▶ **What you have to do**
After locating the line that holds "光大银行下载地址 大小 147", copy that line and all that follow it word for word through the end of the data, with no pictures.
*** Study material Section Begins ***
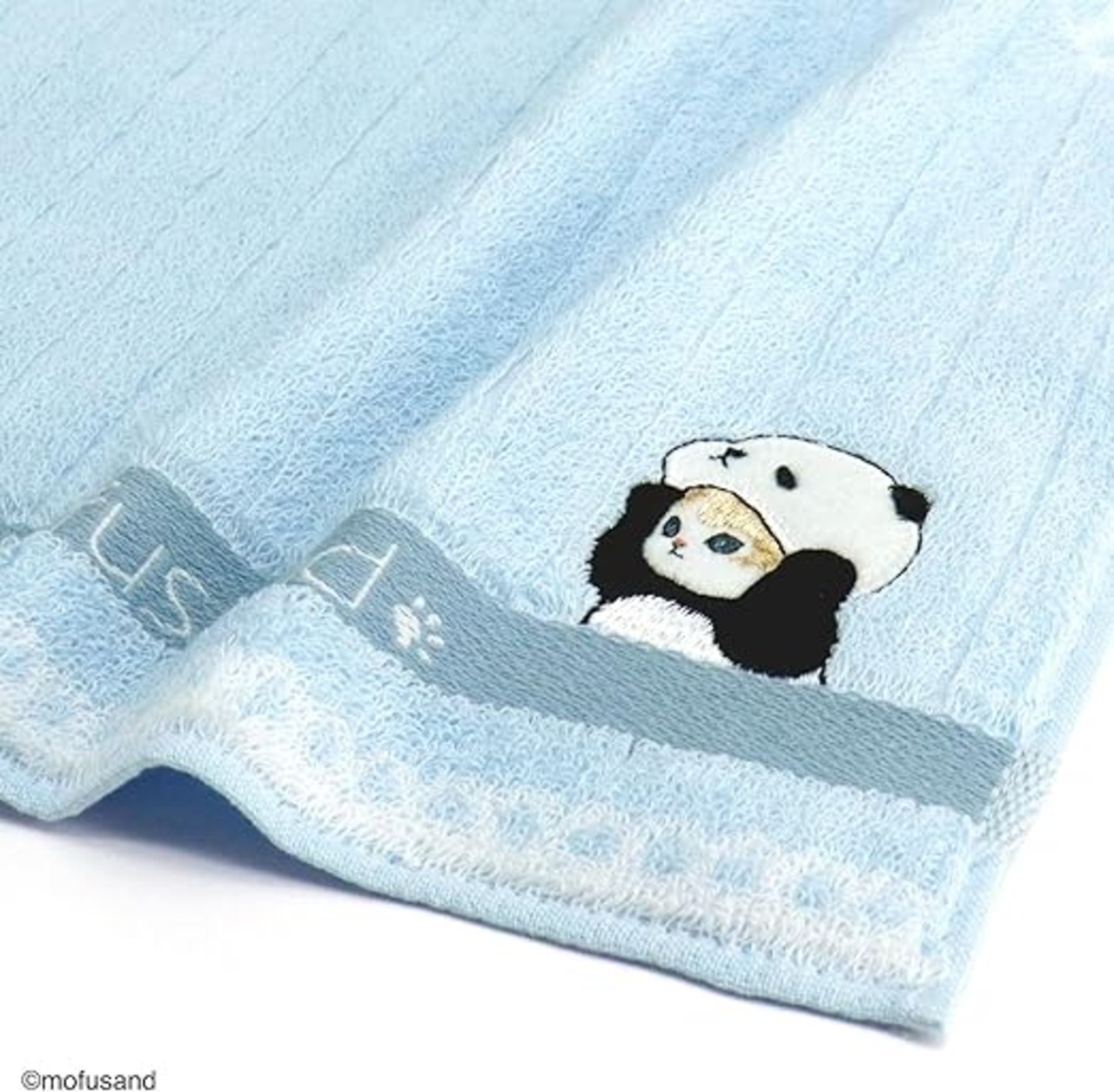 mofusand パステルレース タオルハンカチ ブルー 猫 レース 可愛い 43-0130080 約25×25cm1
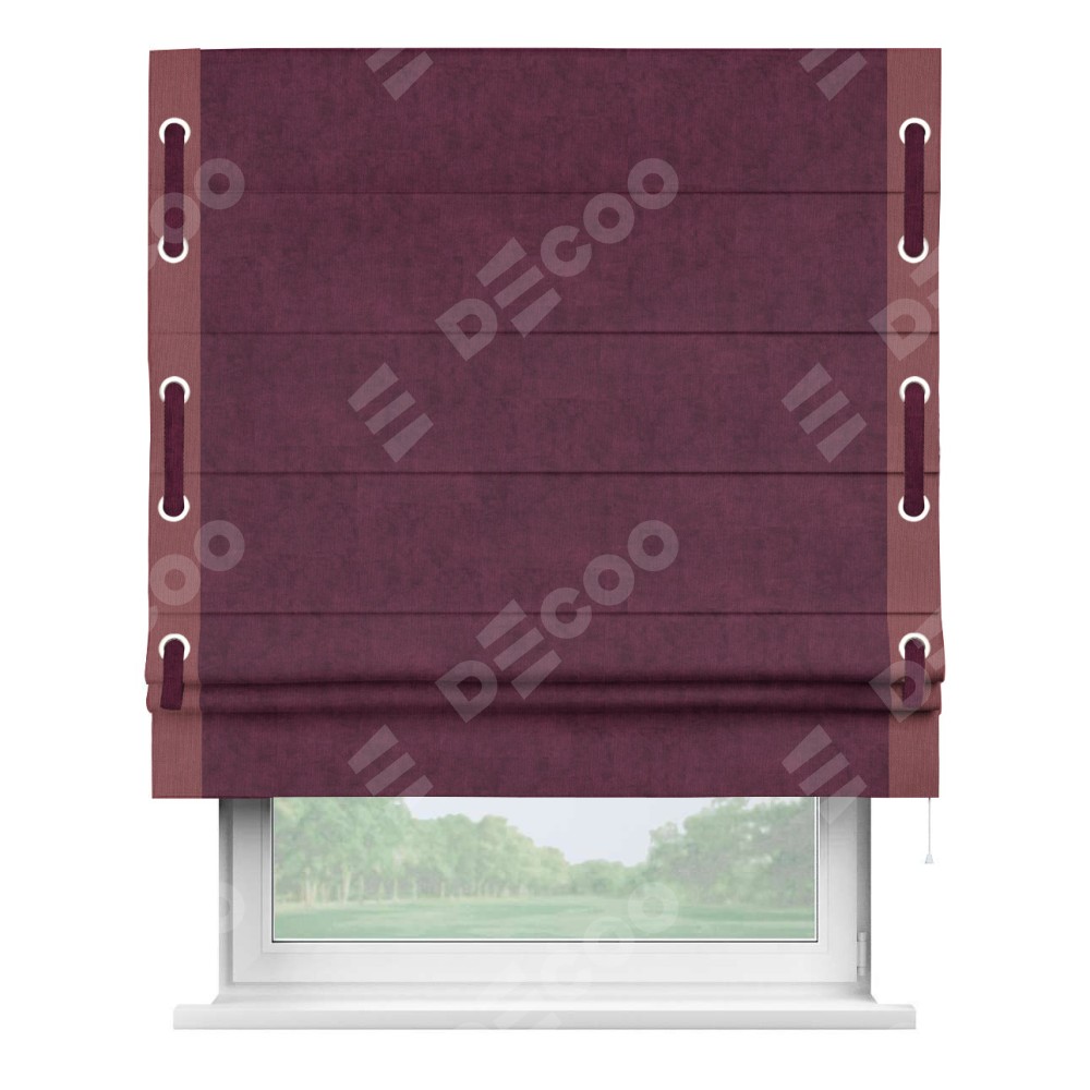 Римская штора производителя «Cortin», используется для проёма, пошита из ткани канвас фиолетовый, артикул ткани v-99. Отделка шторы кантом «Стрим Дуо» (ягодный v-28) на кантах расположены люверсы с пояском, ткань для канта используется из канваса разной расцветки на выбор. Ткань для пояска обычно используется из основной ткани шторы, а так же можно сделать из любой расцветки по желанию. Имеет универсальный механизм и подходит для монтажа: на потолок, на стену и в нишу.
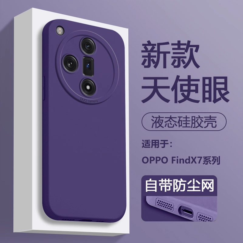 BOORCA适用于OPPO FindX7手机壳新款暗紫色opfindx7ultra液态硅胶保护套直边天使眼软壳简约纯色磨砂情侣
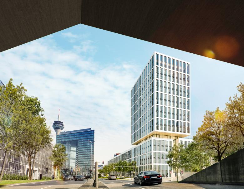 In Unterbilk, genau an der Schnittstelle zwischen dem funkelnden Medienhafen und dem historisch gewachsenen Lorettoviertel, zwischen Alt und Neu, zwischen großstädtisch und bürgerlich liegt das ehemalige Siemens-Areal. In der Ende 2016 durchgeführten Mehrfachbeauftragung wurde unser – mit hohem Anspruch an Architektur und Freiräume entworfenes – Konzept für den Neubau eines Hochhauses und die Entwicklung eines gemischt genutzten Quartiers mit dem 1. Preis ausgezeichnet. Mit dem Grundgedanken, das Umfeld mit der Schaffung einer lebendigen Nachbarschaft zu arrondieren, haben wir bestehende und gewachsene Qualitäten aufgenommen und daraus eine aus zwei sechs- bis siebengeschossigen Blöcken zusammengesetzte städtebauliche Figur entwickelt. Wir erzwingen kein eigenes, ortsfremdes Raster für Gliederung und Anbindung, sondern orientieren uns im Sinne einer sensiblen Stadtreparatur in Lage und Ausrichtung an den historischen Achsen und Grünräumen. Ein wesentliches Element dieser aus den Gegebenheiten des Ortes entwickelten Struktur ist der breite, von Süd nach Nord verlaufende Boulevard, ein qualitätvoll gestalteter grüner Freiraum, der an seinen beiden Enden in einen öffentlichen Platz mündet.
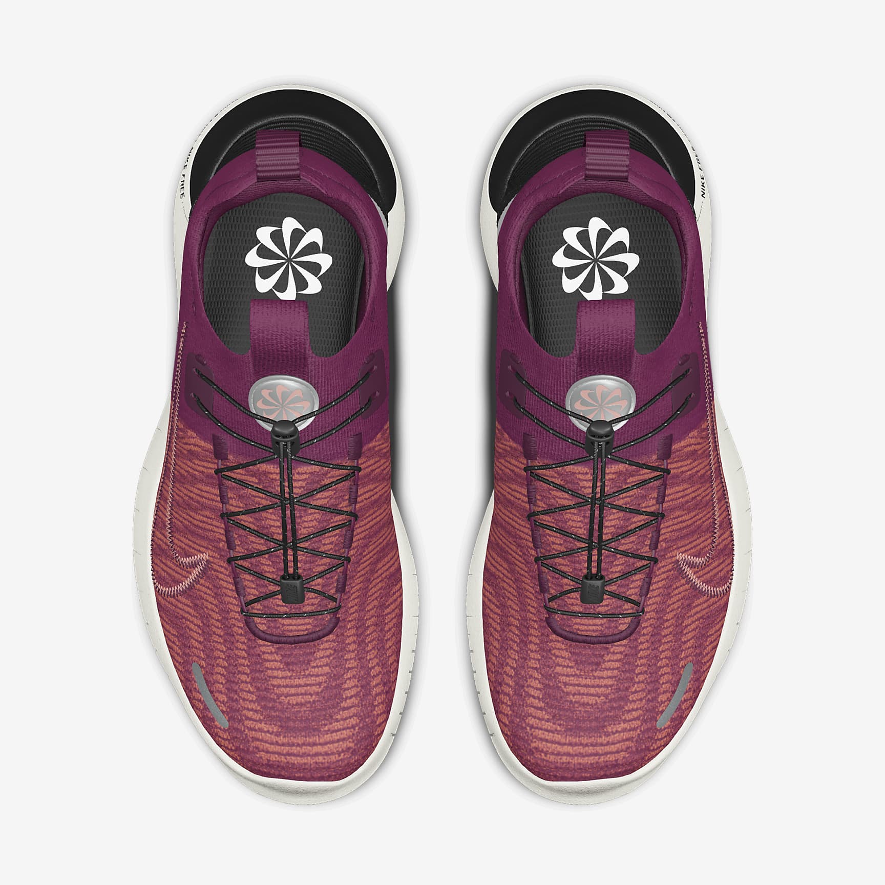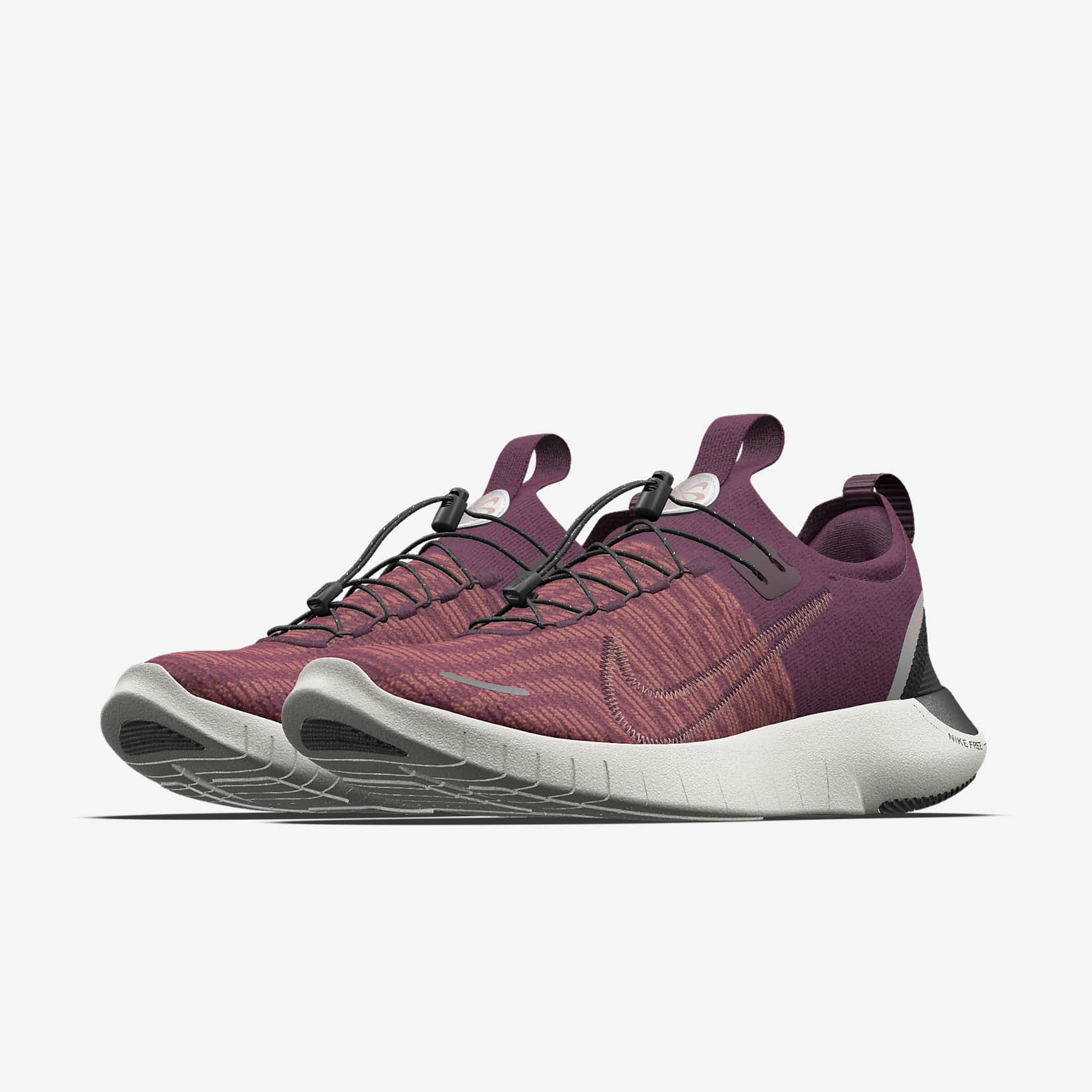 Turn your training runs loose, and let your design eye out of the cage in the Nike Free RN By You. A full spectrum of colors, plenty of Flyknit color possibilities, and a trio of different lacing choices give you the freedom to make this as quirky as you so decide. Feathery and flexible, its barefoot feel and Flyknit upper will have you freewheeling with joy, jonesing for a few more strides. Touch It Up Pick between six different Flyknit color presets including Fierce Pink and Orewood Brown. Then dabble between the top and bottom Swoosh logos, backtabs, overlays and even the nitty-gritty details like the eyestay stitching, side of the heel and outsole pods. Pick between 16 different color options for the overlays, including metallic red bronze, gold and silver. Lace Up Choose between reflective, flat or toggle laces (toggle and flat come in 12 different color options) including red stardust. We offer reflective flat laces in six varying colors. Make It Yours Add a personal touch with your initials or something else unique. It appears on the side of the shoe in all upper case, using 1-2 characters, numbers 0-9 and letters A-Z. Made with Nike Grind The outsole has at least 13% Nike Grind material, made from scraps from the footwear manufacturing process. Lightweight Movement Flyknit gives you sock-like comfort with soft, stretchable and breathable fabric that helps keep you feeling light and airy when your run goes into overdrive. Inner sleeve is minimal but stretchy. Soft in the Middle An ultralightweight midsole offers unreal comfort as your foot repeatedly hits the road. It’s lighter, more responsive and softer than previous versions. More Benefits * Embroidered eyestays around the laces help keep your feet secure. Pull tabs at the tongue and heel make for an easy 1-hand entry. * Laser-cut grooves on the sole make this shoe more flexible compared to the previous iteration. Nike By You Details * This product is not intended for use as Personal Protective Equipment (PPE) * Our members are one of a kind, and your shoes are, too. Each pair is proudly made one at a time, by hand. Good things are worth the wait. * With our 3-D builder, watch your creation come alive as you experiment with all kinds of design choices.
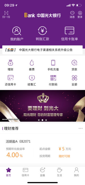 光大银行下载地址 大小 147 MB 暂无安卓下载 苹果下载 暂无电脑下载 光大银行更新内容 2018年12月22日 新增声纹登录,交易明细查询十五年记录,智能柜台扫码打印对账单。更多新增功能,等您下载体验! 光大银行介绍 光大银行为您推出的新一代手机银行,不论您是否为光大银行的用户,均可享用手机银行提供的丰富服务。 光大银行截图
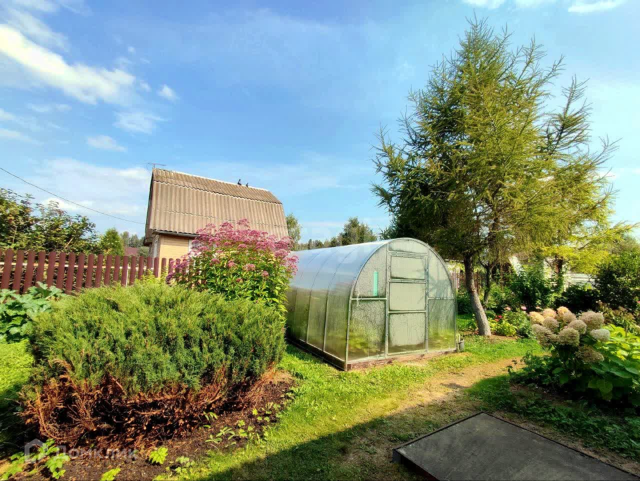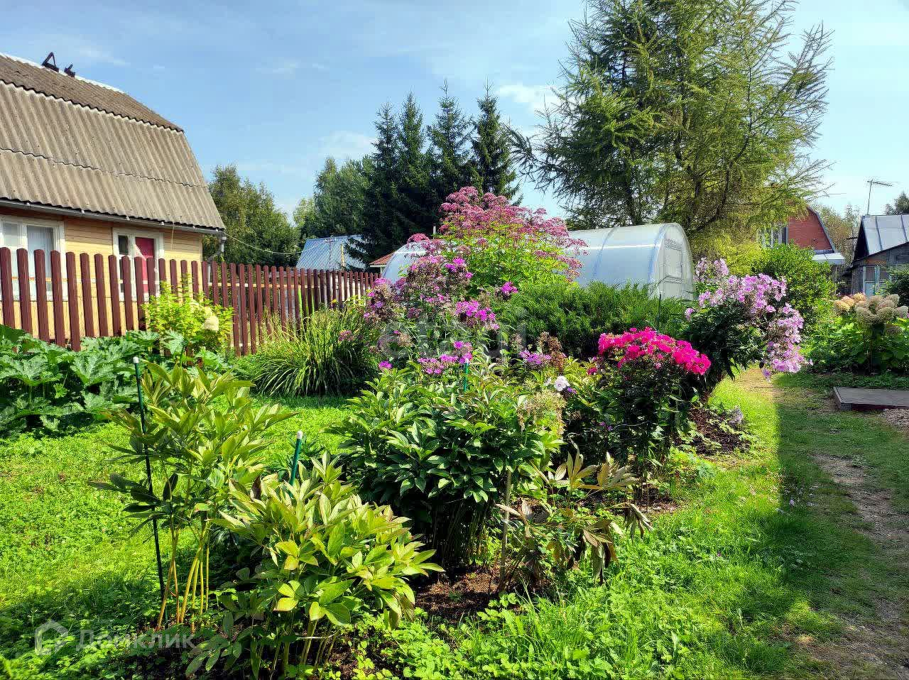 Участок ухоженных, с теплицей, красивыми цветами и вкусными плодово-ягодными деревьями и кустарниками.
*** Study material Section Ends ***
▶ **Answer to the exercise**
 光大银行下载地址 大小 147 MB 暂无安卓下载 苹果下载 暂无电脑下载 光大银行更新内容 2018年12月22日 新增声纹登录,交易明细查询十五年记录,智能柜台扫码打印对账单。更多新增功能,等您下载体验! 光大银行介绍 光大银行为您推出的新一代手机银行,不论您是否为光大银行的用户,均可享用手机银行提供的丰富服务。 光大银行截图
 Участок ухоженных, с теплицей, красивыми цветами и вкусными плодово-ягодными деревьями и кустарниками.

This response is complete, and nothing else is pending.